Meanwhile, clearly there is a strong interest in the naming layer and a strong desire to continue to maintain it along lines that Paul is not entirely comfortable with. Recently, that discussion has focused on naming stability, but other parties have expressed other interests in the past (adding new spellings of cities, ensuring a name exists for every ISO-recognized country, ensuring a name exists for regional capitals that are commonly referenced locally as the name for a timezone, etc.). Nothing is going to make those discussions go away, as the past many years of discussions here have shown, but now they are separable from the timekeeping data set and participants can decide which part of the maintenance they're interested in.
If Paul (or any other contributor) wished, he could choose to focus on the part of the project that he finds the most interesting and leave maintenance of the naming layer largely to other parties. Given recent mailing list traffic, there is obviously substantial interest in that naming layer and thus I'm sure there will be no shortage of volunteers to help maintain it. And those who make decisions about the naming layer can then also absorb the consequences of those decisions, such as handling arguments over the spelling of cities. It would even be possible (although not necessary) to move discussion of the naming layer to a separate mailing list to more clearly separate political discussion from ruleset maintenance and technical work on the associated code libraries. The naming layer, which is now nearly devoid of technical decisions, could even be delegated to a more political body that deals with these sorts of conflicts constantly and is thus better equipped to handle them than the tz mailing list. Numerous options like that become possible.
Even if a maintenance split doesn't happen, I think everyone may benefit from cleanly separating the spectacularly high-quality resource of rulesets and their accompanying exhaustive references, discussion, and human-readable descriptions of applicable regions from the politically fraught but technically quite small and simple naming layer.
This idea may not be workable for reasons that aren't obvious to me at nearly 4:00am, but hopefully it will at least provide a different angle from which to look at the current arguments and possibly achieve some clarity about which portions of the overall tz project people are interested in working on and where the exact controversy lies.
I wanted to thank you for this detailed write up. In response, I'll say that I don't believe that naming is the root of the problem. There has been a lot of distracting discussion around ISO countries, city names and more, but the fundamental issue actually is with the timekeeping data set, not the naming. Whatever a region is called, it still represents *somewhere*. Changing the history of that somewhere is a big deal, whatever name you give the region. Don't get me wrong, I do understand the attraction of arbitrary names. But the existing names will never disappear as they are so widely used, and so useful. To me adding new names is net negative at this stage of tzdb. Stephen On Wed, 22 Sept 2021 at 11:52, Russ Allbery via tz <tz@iana.org> wrote:
Over the past few days, I've felt like the framing of the discussion hasn't taken into account Paul's clearly expressed desire for the part of maintenance he wants to focus on, and has not attempted to incorporate that into a design that would preserve other properties that other mailing list participants are interested in. I've also wondered if all parties are making unnecessarily strong assumptions about the nature of tz maintenance that exclude potentially useful designs.

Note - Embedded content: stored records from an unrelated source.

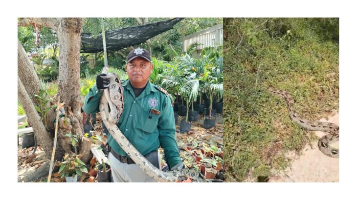 Una enorme boa de casi 3 metros de largo pudo ser resguardada y liberada en un lugar seguro tras el reporte de una mujer a la Policía Ecológica de Progreso.
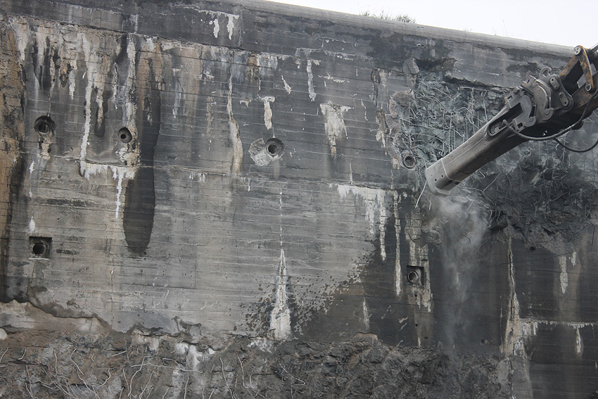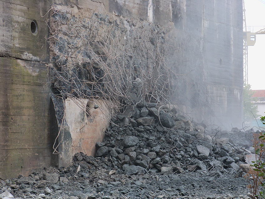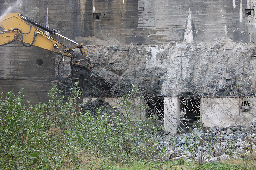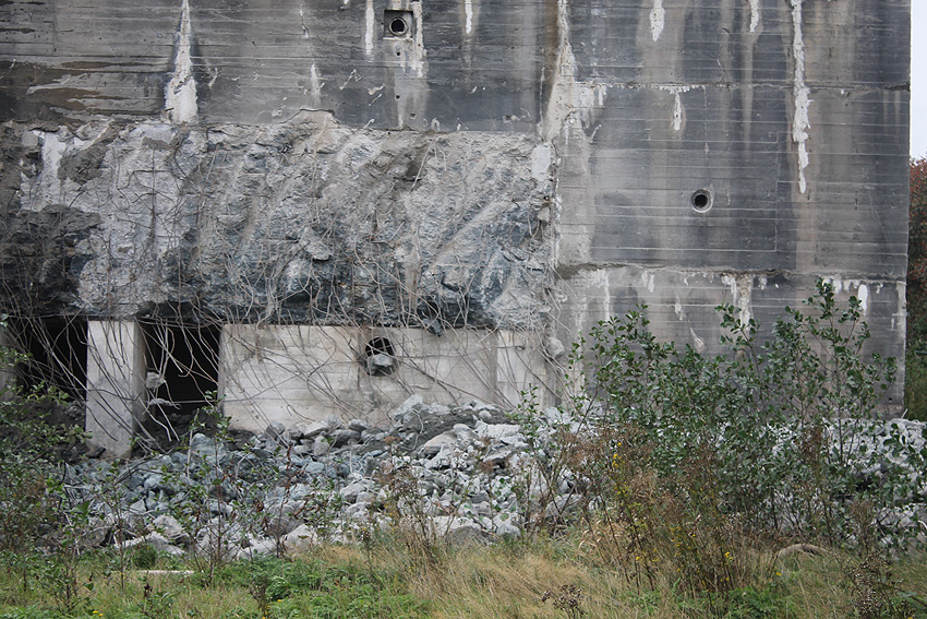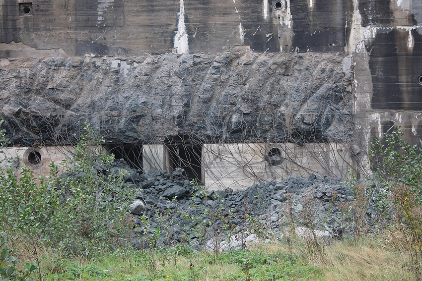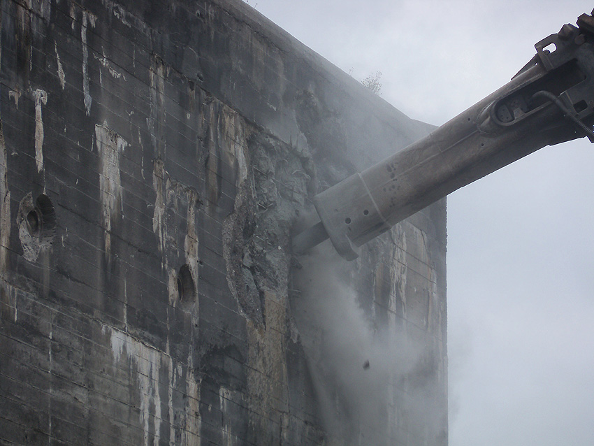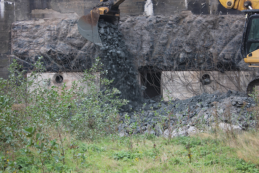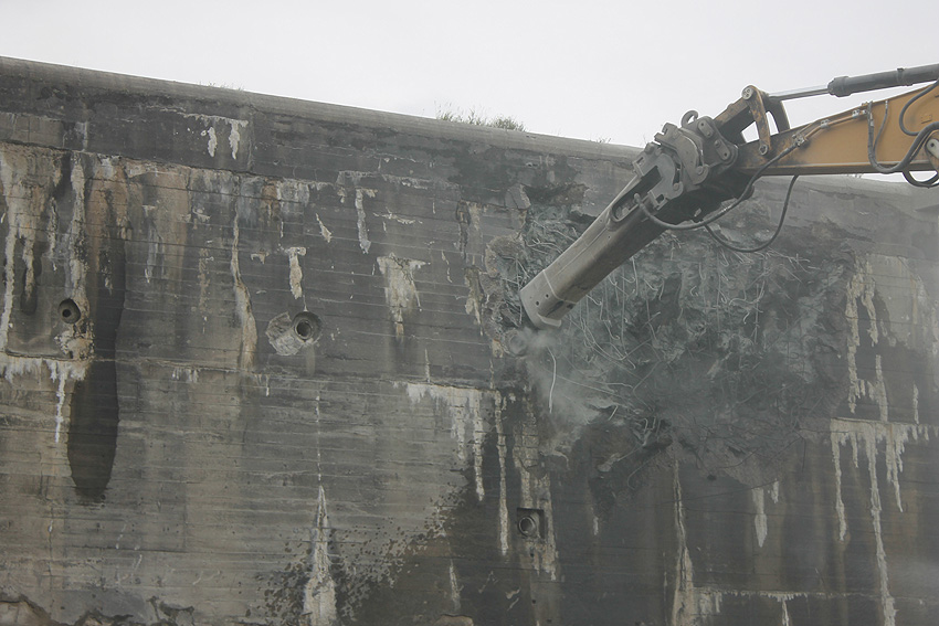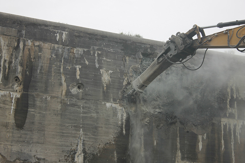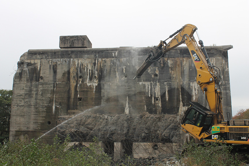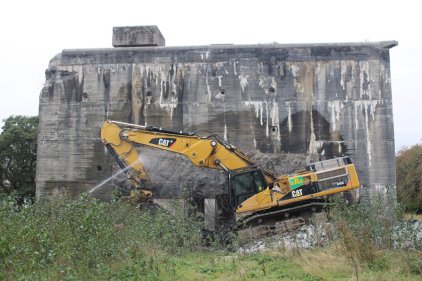 Der Splitterschutzvorbau Ost ist Vergangenheit. Gegen 16 Uhr wurde dann begonnen, an der Ostwand im Deckenbereich die Abbrucharbeiten fortzusetzen. Langsam verliert die Ostwand des Bunkers seine Struktur.
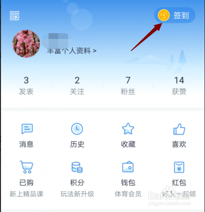 在本身本家儿页面的右上角有签到按钮,如图所示,点击签到按钮。
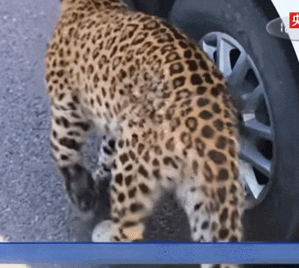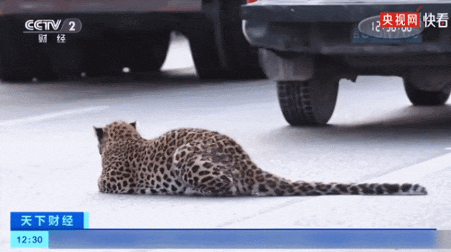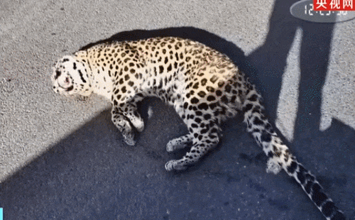 這隻豹子顯然是被車撞了,而且傷得不輕,視頻前段它只能躺在地上連起身都費勁,勉強站起來後也能看出了它連路都走不穩。但是從它站起來走的那兩步倒是看不出來它的腿有明顯的受傷,網上的新聞也是説左後腿右後腿受傷的都有,不過豹子的左側毛髮表面和身後的路面上都有血跡,我推測它受了內傷的可能性很大。
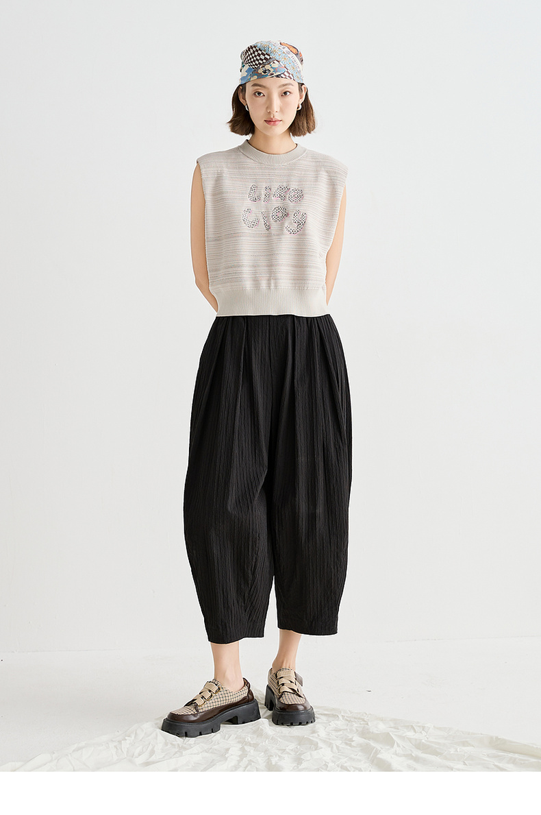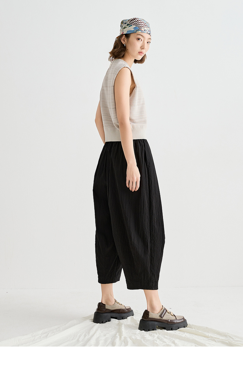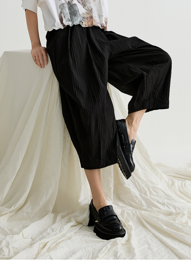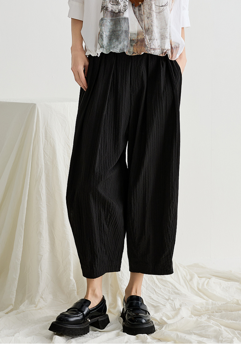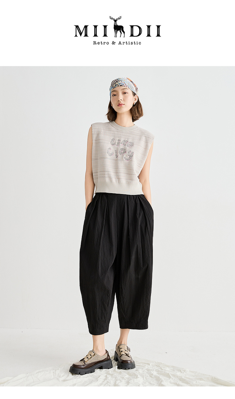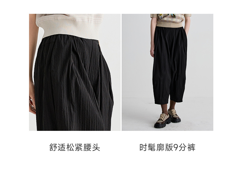 谜底休闲裤女2025夏季新品通勤造型感大廓形哈伦九分裤252MK0680
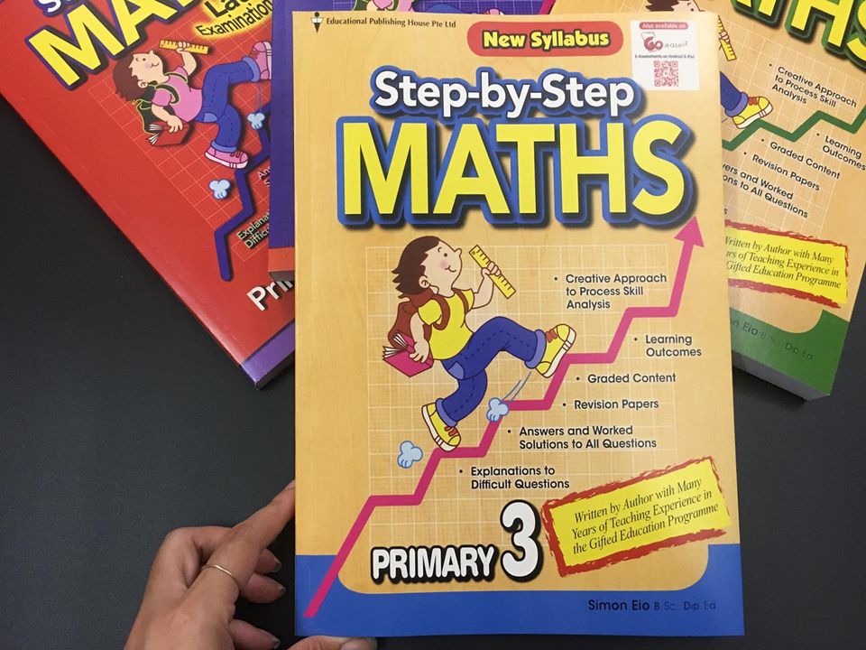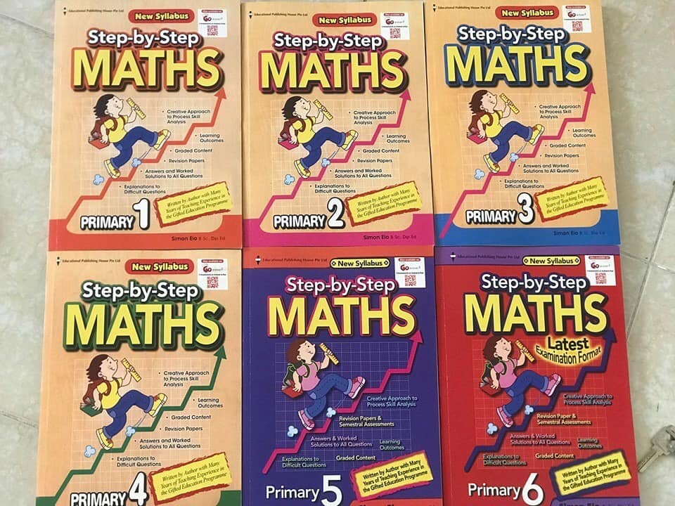 - Bộ sách toán “Step by Step- Maths” là một bộ sách dạy toán cơ bản của Singapore giúp trẻ hiểu được các khái niệm toán cơ bản trong tiếng anh.

In the hope of applying the maxim that all problems in computer science can be solved by adding a level of indirection, here's a wild proposal that, even if not workable as-is, might help in looking at the discussion from a different angle.
One can think of the tz database as two layers. The first is a collection of rulesets that represent rules for clock changes in particular regions. Call that the timekeeping data set. The second is a many-to-one assignment of names to those rulesets. Call that the naming layer.
The scheme used for the naming layer attempted to avoid politicization of that layer by using the continent and largest city approach. This was largely successful, particularly by the standards of attempts of this sort, but not entirely so.
For years now, the tz project has in essence asked people to treat the zone names as opaque identifiers and not imbue them with political meaning. Unfortunately, because those identifiers embed real-world names with other meanings in other contexts, I believe this effort is doomed to never fully succeed. The names and spellings of cities are political. The choice of continent to which to assign a city can be political. Population counts are political. Readers of the mailing list can fill in more examples.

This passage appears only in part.